I was recently talking with Adam Greenberg from EMR Staffing Partners and he said something that reinforced the challenges I just described. He suggested that the problem with a stack of resumes is that it doesn’t feel like a stack of people. The resume seems very disconnected from the human that’s connected on the other end.
I don’t think this is the case for all hiring managers, but I’ve seen what Adam describes as well. When evaluating a resume, it’s easy to just consider the qualifications listed and not consider the talent found on the other end of the resume. Yes, there’s a human attached to every resume and as humans we can learn, grow, and adapt.
Certainly I’m not saying we should blindly hire people that aren’t qualified. However, I’ve heard over and over again from recruiters and hiring managers that they’ll often include a talented, but not qualified person in their pool of candidates and after the interview process they end up hiring the unqualified, but talented individual.
Have you seen this in action in your organization? Is this a good or a bad thing?
After 5 years of looking for employment in the Health Care field – I have a Masters in Public Policy Administration – and 15 years industry in Health Insurance Payer, Collections, Sales and Advocacy – over 400 applications – 2 call backs. TWO.
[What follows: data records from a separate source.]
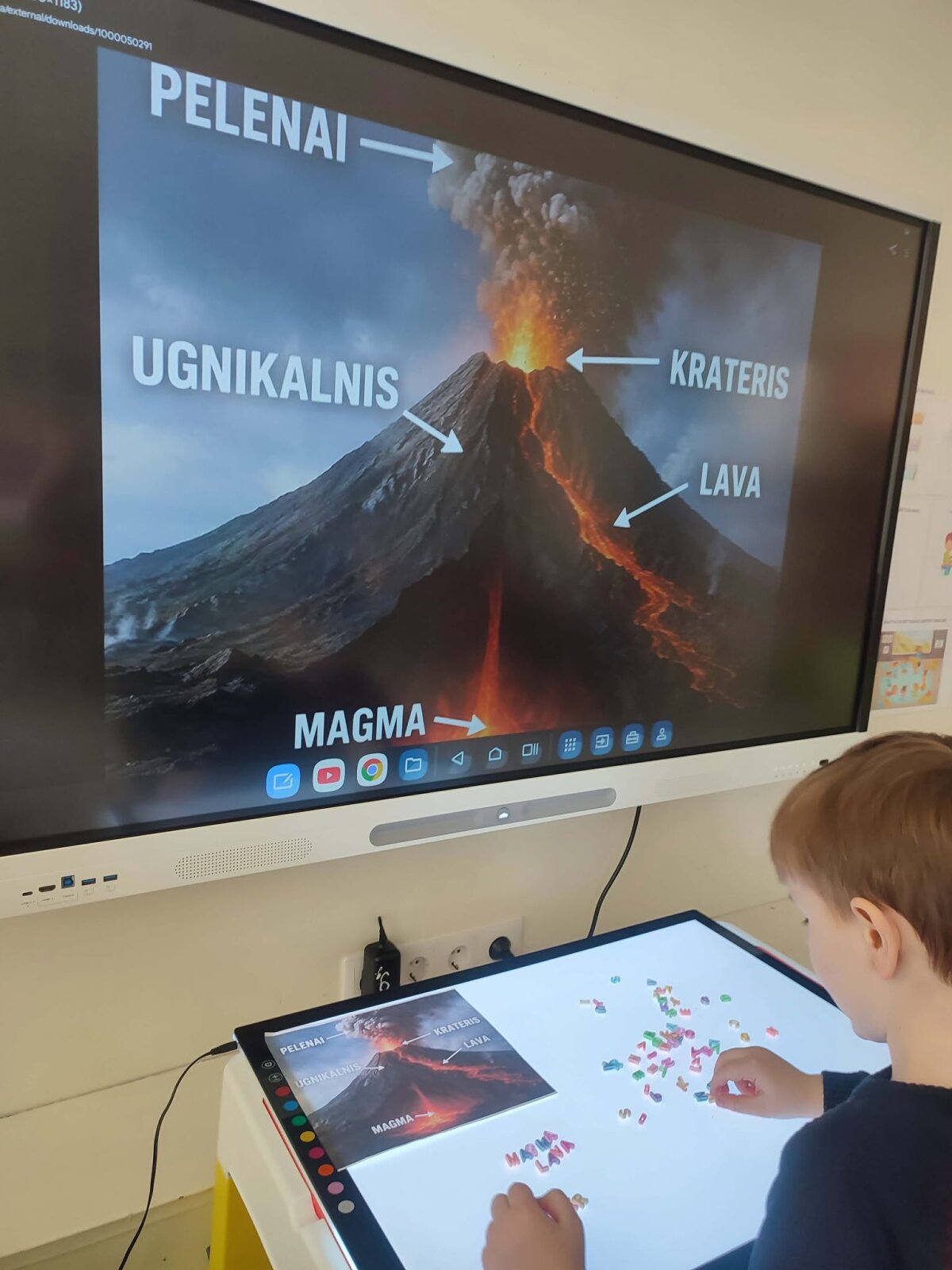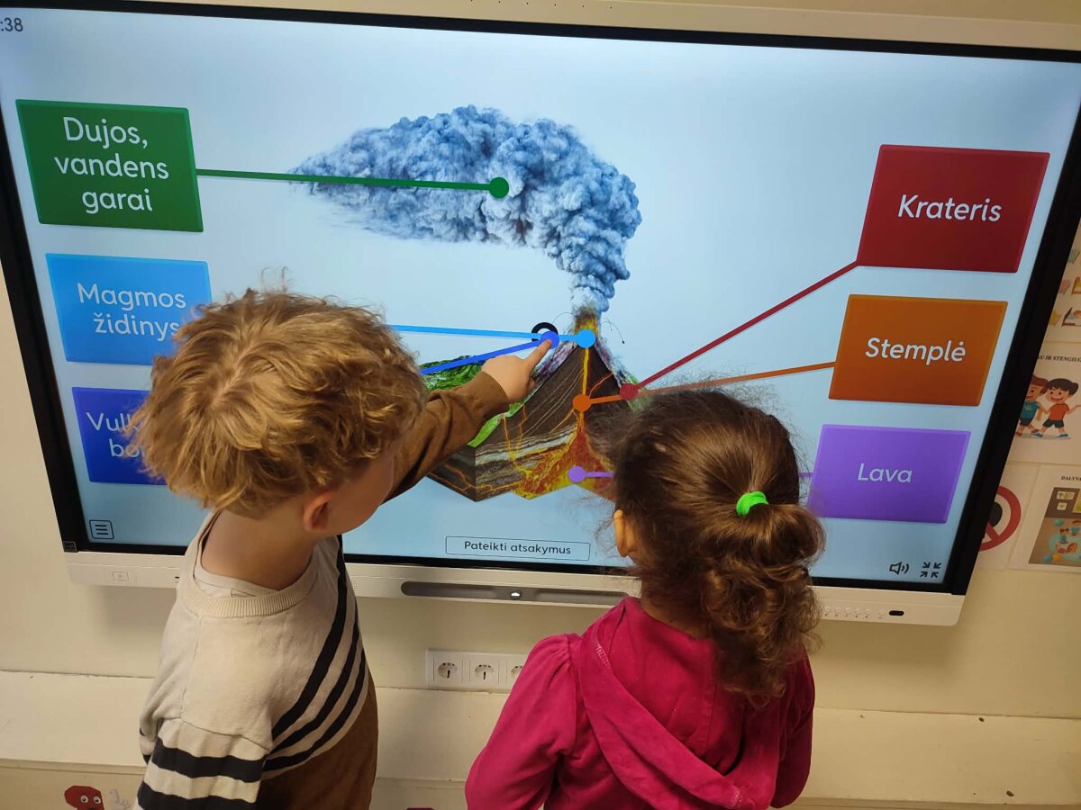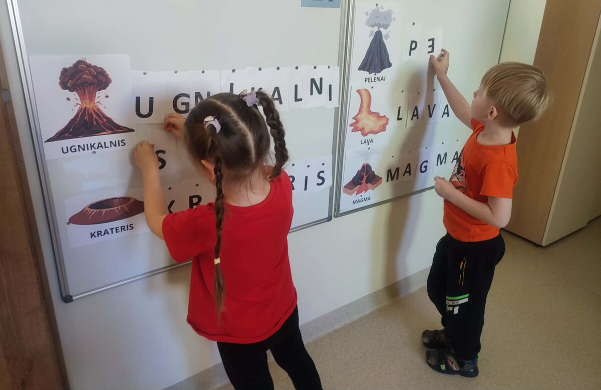 Š. m. balandžio 13–17 d. „Riešutėliai“ grupės vaikai dalyvavo STEAM veiklose, kurias organizavo ikimokyklinio ugdymo mokytojos Vaida Vaičiuvienė ir Sandra Tamašauskaitė, mokinio padėjėja Asta Kliminskienė bei mokytojos padėjėja Erika Šeškevičienė, nagrinėdami ugnikalnių temą. Šią temą inicijavo patys vaikai, laisvo žaidimo metu jie domėjosi lava, ugnikalniais, imitavo jų išsiveržimus, todėl veiklos buvo plėtojamos atsižvelgiant į jų smalsumą ir idėjas. Tyrinėjimo veiklų metu vaikai kūrė ugnikalnio modelį ant sensorinio padėklo, aplink jį formavo aplinką, statė namus, dėliojo žmonių ir gyvūnų figūrėles, svarstė, kaip juos apsaugoti nuo lavos. Atlikdami eksperimentą pylė sodą, actą ir stebėjo „išsiveržimą“, kėlė hipotezes, analizavo, ar lava pasiekė pastatus, aptarė rezultatus ir siūlė sprendimus. Taip pat atliko „Lavos lempos“ eksperimentą, pylė vandenį, jį spalvino, ant viršaus pylė aliejų ir stebėjo, kaip skysčiai nesusimaišo, o įmetus putojančią tabletę, kaip kyla ir leidžiasi burbuliukai. Šios veiklos metu vaikai taikė ir matematinius gebėjimus, svarstyklėmis svėrė vandenį ir aliejų, lygino jų kiekius, bandė parinkti tinkamas proporcijas, kad eksperimentas pavyktų. STEAM veiklų metu vaikai atliko ir „Lavos lenktynių“ eksperimentą, lygino vandens, aliejaus ir medaus tekėjimo greitį, darė išvadas apie skysčių tirštumą ir jo įtaką tekėjimui, siejo tai su tikros lavos judėjimu. Naudodamiesi išmaniosiomis technologijomis gilino žinias apie ugnikalnio sandarą, interaktyvioje lentoje žymėjo ugnikalnio dalis, mokėsi atpažinti ir įvardyti kraterį, magmą, lavą, pelenus, dujas, aptarė, kaip vyksta išsiveržimas. Kūrybinėse veiklose vaikai kūrė didelio formato ugnikalnius, juos dekoravo, formavo „lavos“ tekėjimo kryptis, eksperimentavo su spalvomis. Taip pat kūrė ugnikalnius iš popierinių lėkščių, dažė, klijavo detales, formavo kūgius, įvardijo kraterį. Piešdami akvarele perteikė skirtingas ugnikalnio būsenas – vieni piešė ramų, kiti – išsiveržiantį ugnikalnį, džiaugėsi savo kūriniais ir juos pristatė. Žaidimų metu vaikai iš LEGO ir kitų konstruktorių kūrė ugnikalnius, planavo jų struktūrą, kūrė aplinką, pasiskirstė vaidmenimis, kūrė istorijas apie ugnikalnius ir jų aplinką. Žaisdami tyrinėjo, eksperimentavo, bendradarbiavo ir dalijosi savo idėjomis bei patirtimis. Į pažintinę veiklą apie ugnikalnius įsitraukė ir tėveliai. Vienas iš tėvelių pasidalino savo asmenine patirtimi apie Islandijoje išsiveržusį ugnikalnį, papasakojo apie matytą lavą, įspūdžius, parodė nuotraukas, vaizdo medžiagą bei pristatė lavos pavyzdžius. Tai dar labiau sudomino vaikus ir praturtino jų patirtį. Visų STEAM veiklų metu vaikai buvo aktyvūs, smalsūs, kūrybiški, drąsiai kėlė idėjas, tyrinėjo, eksperimentavo, bendradarbiavo ir džiaugėsi savo atradimais.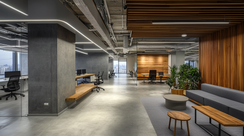 A sleek, modern office space with minimalist furniture and metal paneling, showcasing the latest in contemporary workspace design trends. The open floor plan features a neutral color palette with beige and grey tones, creating a sophisticated and calming environment. The client desk, accompanied by chairs and two MacBooks on the table, is central to the design, while the metal paneling adds a modern industrial aesthetic. The space feels open and airy, with high-end minimalist furniture enhancing its functional yet stylish atmosphere. Large floor-to-ceiling windows allow natural lighting to flood the room, emphasizing the sleek, professional tone. Photographed in the style of architectural photography typical of Shutterstock, Getty Images, or Unsplash, the image captures the essence of contemporary office design. --ar 16:9 --q 2 --style raw --v 6.1 --s 50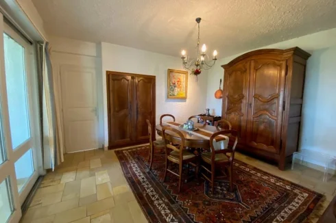 A 18 m² dining room, built-in cupboard, stone floor.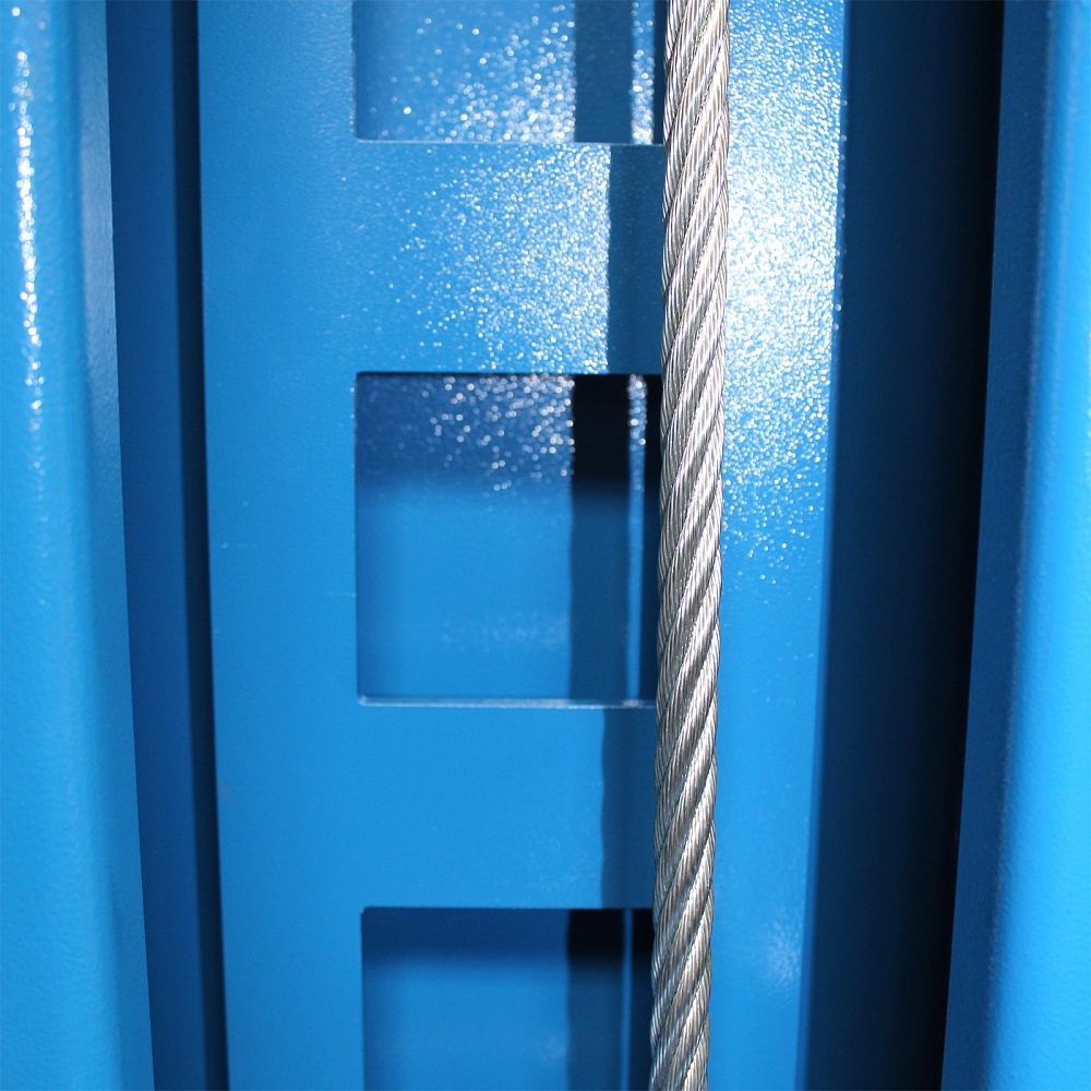 Каретки приводятся в действие гидравлическим цилиндром и системой стальных тросов. Оборудование имеет низкий уровень шума.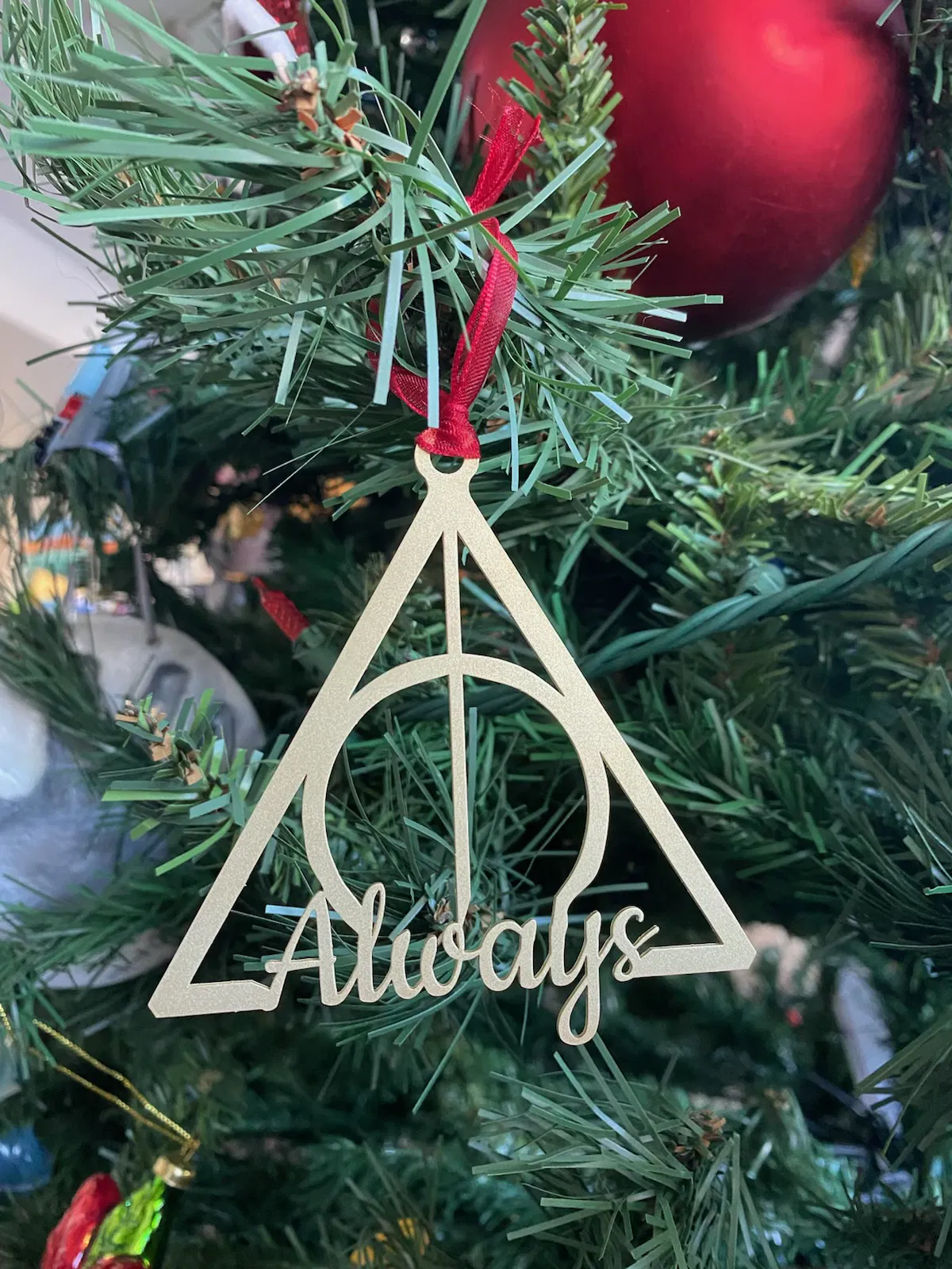Móc treo "Harry Potter, Bảo bối Tử thần" này được in bằng PLA với độ dày vật liệu độn bên trong từ 10% - 15% và không yêu cầu đế đỡ. Phù hợp để trang trí Giáng sinh hoặc làm quà tặng cho fan Harry Potter.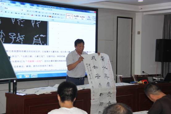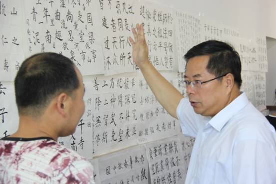 下午,曹书生同bat365正版唯一官网继续教育学院院长史天胜、书法家雷卫全老师为在场学员进行了现场指导,指出了大家在写作过程中出现的问题,指导学员现场改正,为大家上了实实在在的一堂课,受到了学员们的一致好评。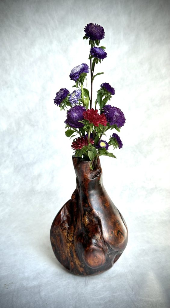 オーストラリアに旅してクイーンズランド州ケアンズを歩いていた時に素朴な木の花器を見つけ魅せられました。自分でも作ってみたいと。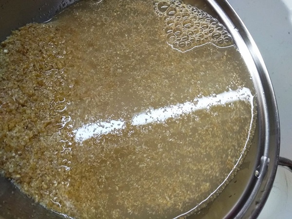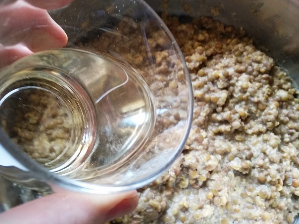 Όσο βράζουν οι φακές βάζουμε το σιτάρι (πλιγούρι) σ’ ένα σκεύος με νερό, το αναδεύουμε να βγουν στη επιφάνεια όσα υπολείμματα από άχυρο υπάρχουν και γέρνοντας το δοχείο ρίχνουμε το νερό (δεν ξεπλένουμε το πλιγούρι μέσα σε σήτα).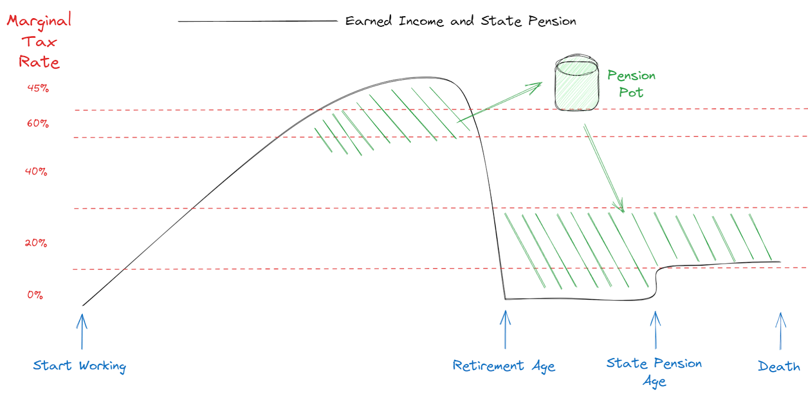 Work out your marginal tax rate to drawdown money from your pension in retirement as a function of pension pot size.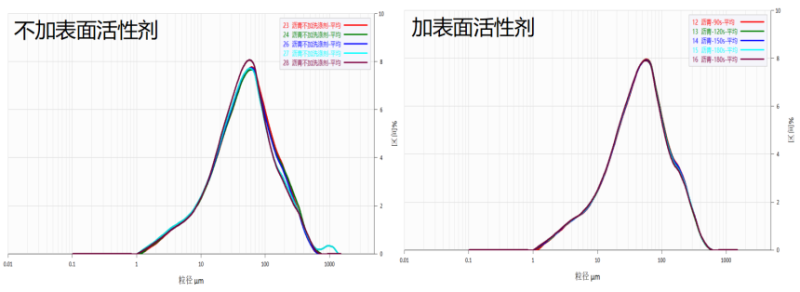 合适的分散方法是粒度检测中的重要一环。本实验用水做分散介质测某型号沥青粒度,然后在水中加表面活性剂为分散剂,外加超声分散测同一个型号沥青的粒度,如图3和表1所示,可以看出,水中加表面活性剂再超声分散2min沥青分散效果最佳,粒度最稳定。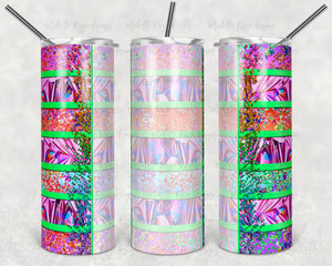 Bright Lime Green Stripes with Purple Foil and Rainbow Glitter and a Place for a Name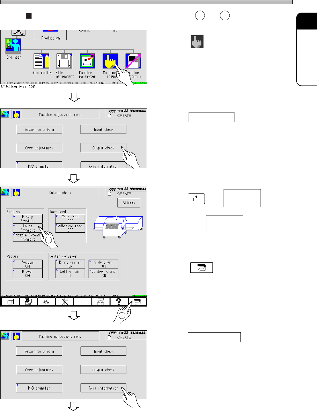 • The “Machine adjustment menu” screen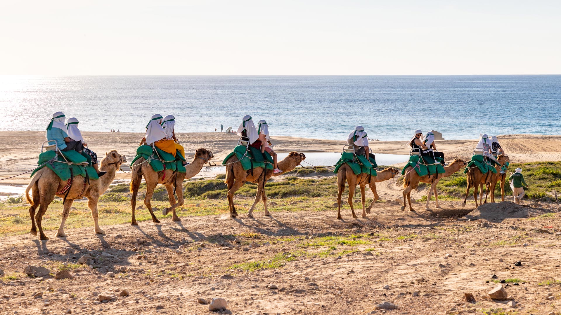 Martes 17 feb. Desayuno incluido. Caminaremos a la Marina de Los Cabos para realizar Tour por el Arco, observar la separación del Mar de Cortes y del Pacífico, descenderemos a Playa del Amor. Regresaremos al Hotel para realizar nuestro Tour en Camellos (Cubre cuerpo de Sol, recorrido en Monta, caminata por el área de flora y fauna, comida buffet).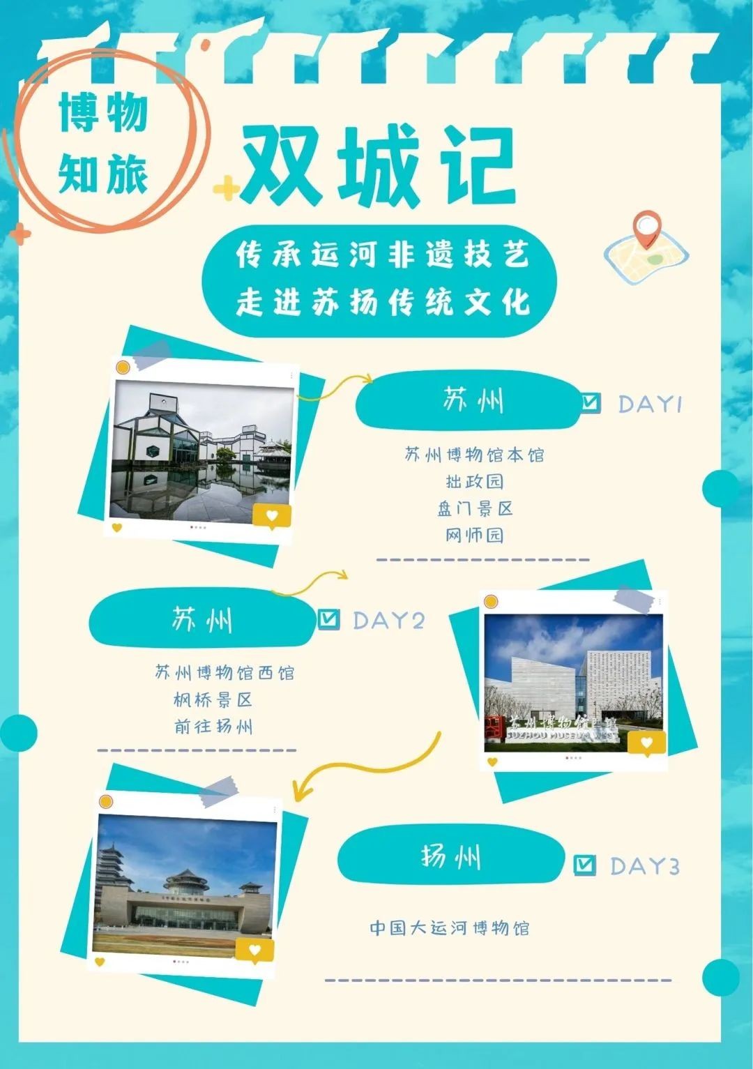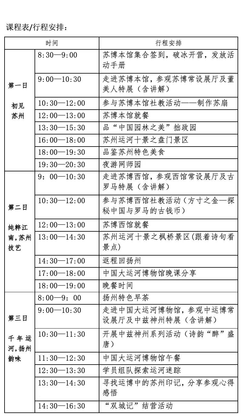 中国大运河博物馆和苏州博物馆皆为大运河博物馆联盟的重要成员,同时也是扬州与苏州两座运河城市的旅游名片。双方博物馆利用特有的展览和社教优势资源,携手全球领先的一站式旅行平台携程集团,首创双城研学活动第一季“传承运河非遗技艺,走进苏扬传统文化”,将社会教育项目“双城化”、“平台化”、“产业化”,使博物馆教育进一步打破边界,深度延伸。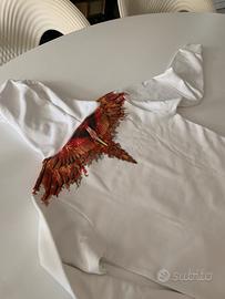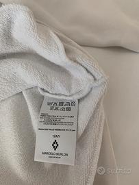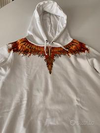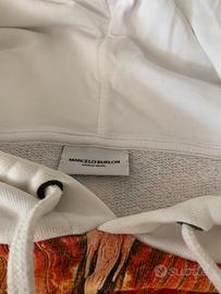 Felpa in cotone con cappuccio e tasche , bianca /arancione, con stampa su pannello frontale e pannello posteriore ,originale Marcelo Burlon , come nuova, con cartellino

There is not a talent shortage – I can count less that 100 people that have read the PPACA bill in its entirety, and have a sensible, proven solutions to it – my phone should have rang.
In the last 5 years – 9 of the 12 predictions I made about that bill have come true; the last one being corporate inversions to avoid the legislation all together – there are 3 left; and ya’ll are right on track to hit them.
Which is why I am overseas, and away from the chaos.
You want solutions out of and away from that law? – should have hired me when I was cheap.
Watching it from the sidelines – I make money when it fails – so I am in no hurry to solve it.
Health Care Hit-Man
PS #10 is when large employers decide to self fund and opt out of the ‘exchanges’ ~ watch for it.